Résumé de la décision
Mme A D épouse B a introduit une requête le 6 mars 2023 pour demander la suspension de l'exécution d'une décision du 19 janvier 2023, par laquelle l'Office français de l'immigration et de l'intégration (OFII) lui avait suspendu le bénéfice des conditions matérielles d'accueil. Elle a également demandé à ce que l'OFII soit contraint de rétablir ces conditions et a sollicité une indemnité. Le 9 mars 2023, l'OFII a retiré la décision contestée. Par conséquent, le juge des référés a déclaré que les demandes de suspension et d'injonction étaient devenues sans objet et a rejeté le surplus des conclusions de la requête.
Arguments pertinents
1. Urgence et doute sérieux : Mme D épouse B a soutenu qu'il existait une situation d'urgence en raison de son état de santé, qui ne lui permettait pas de vivre dans la précarité. Elle a également avancé qu'il y avait un doute sérieux sur la légalité de la décision attaquée, notamment en raison d'un manque de motivation et d'une erreur de droit.

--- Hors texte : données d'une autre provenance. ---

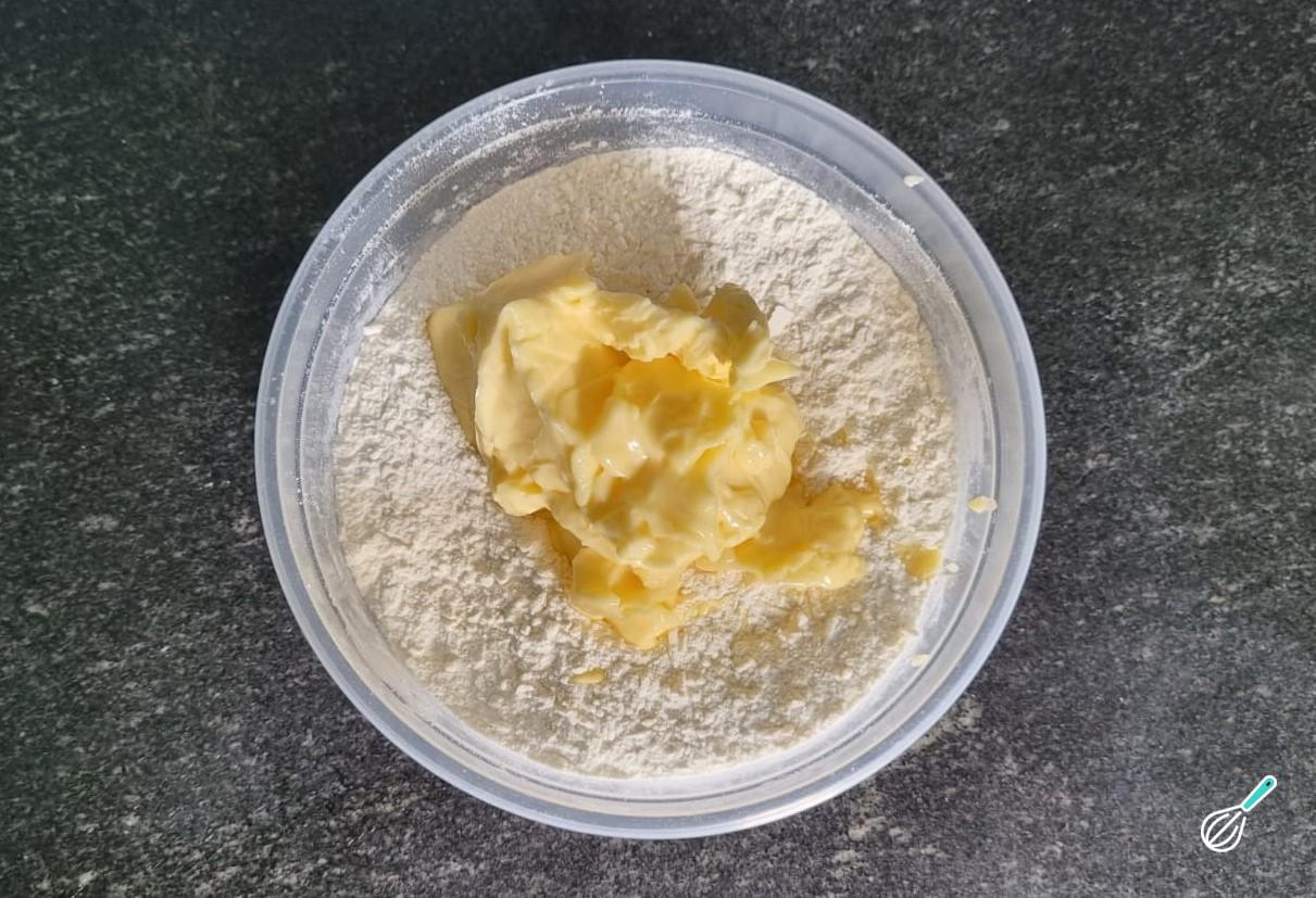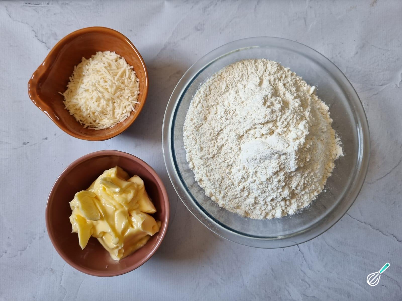 Numa tigela coloque todos os ingredientes: o queijo, a manteiga e a farinha.

2. Retrait de la décision : Le juge a constaté que la décision du 19 janvier 2023 avait été retirée par une décision du 9 mars 2023, ce qui a rendu les demandes de suspension et d'injonction sans objet. Cela a été un point central dans le raisonnement du juge, qui a souligné que "les conclusions de la requête de Mme D épouse B aux fins de suspension et d'injonction sont devenues sans objet".
Interprétations et citations légales
1. Article L. 521-1 du code de justice administrative : Cet article stipule que le juge des référés peut ordonner la suspension d'une décision administrative lorsque l'urgence le justifie et qu'il existe un doute sérieux quant à la légalité de la décision. La formulation précise est la suivante : "Quand une décision administrative, même de rejet, fait l'objet d'une requête en annulation ou en réformation, le juge des référés, saisi d'une demande en ce sens, peut ordonner la suspension de l'exécution de cette décision, ou de certains de ses effets, lorsque l'urgence le justifie et qu'il est fait état d'un moyen propre à créer, en l'état de l'instruction, un doute sérieux quant à la légalité de la décision".
2. Conséquences du retrait de la décision : Le retrait de la décision contestée par l'OFII a eu pour effet d'éteindre l'objet du litige. Le juge a noté que "dans les circonstances de l'espèce, il n'y a pas lieu de faire droit aux conclusions présentées", ce qui souligne l'importance du retrait dans le cadre de la procédure.
3. Articles L. 761-1 du code de justice administrative et 37 de la loi du 10 juillet 1991 : Ces articles concernent les frais de justice et les indemnités. Le juge a décidé de ne pas faire droit aux demandes d'indemnisation, considérant que le retrait de la décision avait mis fin à la situation litigieuse.
En conclusion, la décision du juge des référés repose sur le constat que le retrait de la décision contestée a rendu les demandes de Mme D épouse B sans objet, ce qui a conduit à un rejet des conclusions de sa requête.